## Data provided
★ ★ ★ ★ ★
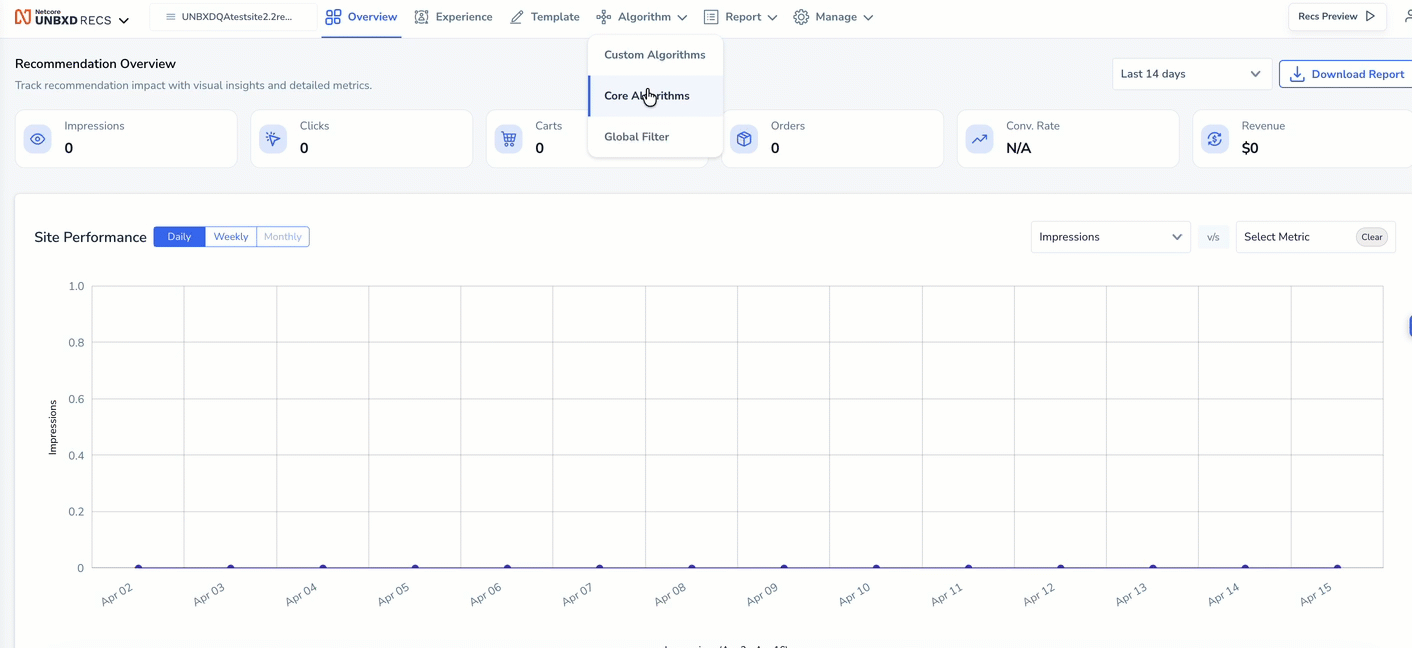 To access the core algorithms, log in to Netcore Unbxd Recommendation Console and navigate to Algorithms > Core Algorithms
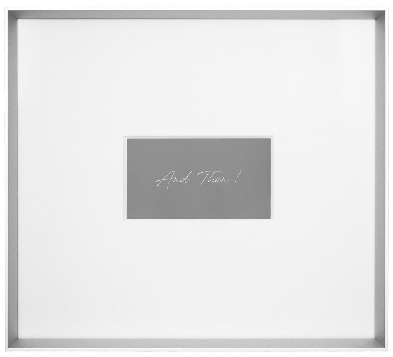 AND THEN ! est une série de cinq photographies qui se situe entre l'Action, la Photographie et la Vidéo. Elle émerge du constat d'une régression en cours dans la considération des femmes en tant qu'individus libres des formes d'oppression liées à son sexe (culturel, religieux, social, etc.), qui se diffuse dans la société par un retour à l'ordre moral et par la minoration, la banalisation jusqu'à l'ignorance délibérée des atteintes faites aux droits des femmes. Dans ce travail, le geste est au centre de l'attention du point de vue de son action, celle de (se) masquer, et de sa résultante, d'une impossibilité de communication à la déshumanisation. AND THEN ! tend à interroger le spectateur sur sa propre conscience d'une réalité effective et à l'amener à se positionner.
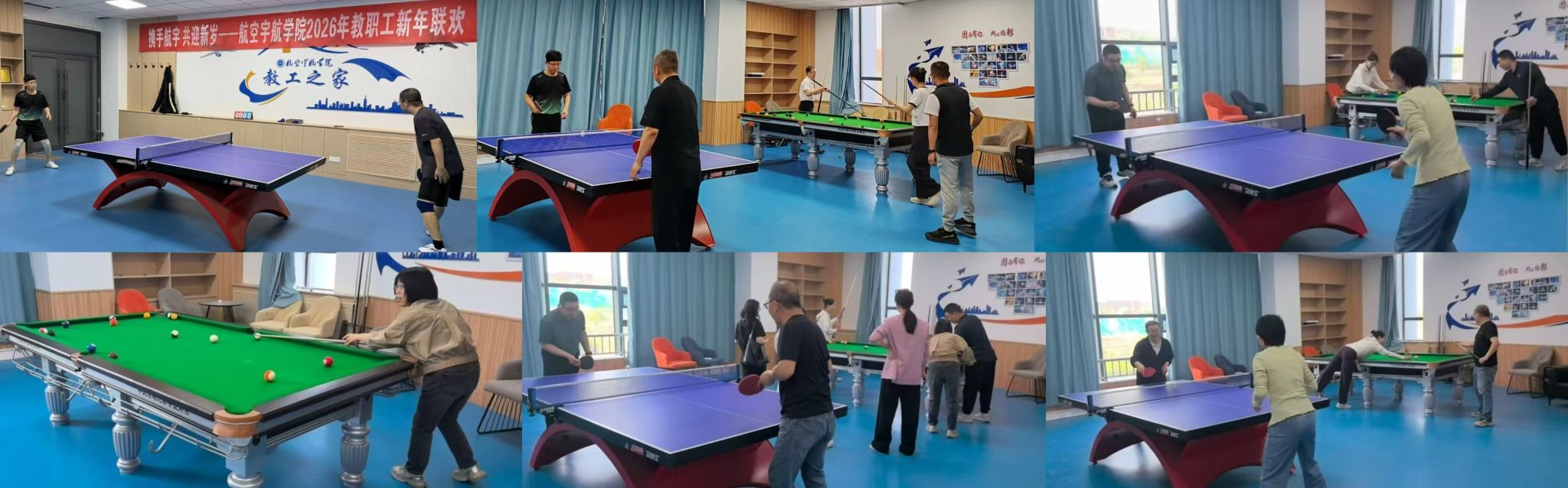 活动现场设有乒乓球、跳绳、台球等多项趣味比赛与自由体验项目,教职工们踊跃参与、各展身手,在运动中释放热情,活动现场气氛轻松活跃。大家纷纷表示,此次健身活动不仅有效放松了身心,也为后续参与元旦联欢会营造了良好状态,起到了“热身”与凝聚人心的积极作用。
★ ★ ★ ★ ★
## Assignment
Please repeat every line from the listing above exactly as it appears. Drop the pictures.

## Task solution
 To access the core algorithms, log in to Netcore Unbxd Recommendation Console and navigate to Algorithms > Core Algorithms
 AND THEN ! est une série de cinq photographies qui se situe entre l'Action, la Photographie et la Vidéo. Elle émerge du constat d'une régression en cours dans la considération des femmes en tant qu'individus libres des formes d'oppression liées à son sexe (culturel, religieux, social, etc.), qui se diffuse dans la société par un retour à l'ordre moral et par la minoration, la banalisation jusqu'à l'ignorance délibérée des atteintes faites aux droits des femmes. Dans ce travail, le geste est au centre de l'attention du point de vue de son action, celle de (se) masquer, et de sa résultante, d'une impossibilité de communication à la déshumanisation. AND THEN ! tend à interroger le spectateur sur sa propre conscience d'une réalité effective et à l'amener à se positionner.
 活动现场设有乒乓球、跳绳、台球等多项趣味比赛与自由体验项目,教职工们踊跃参与、各展身手,在运动中释放热情,活动现场气氛轻松活跃。大家纷纷表示,此次健身活动不仅有效放松了身心,也为后续参与元旦联欢会营造了良好状态,起到了“热身”与凝聚人心的积极作用。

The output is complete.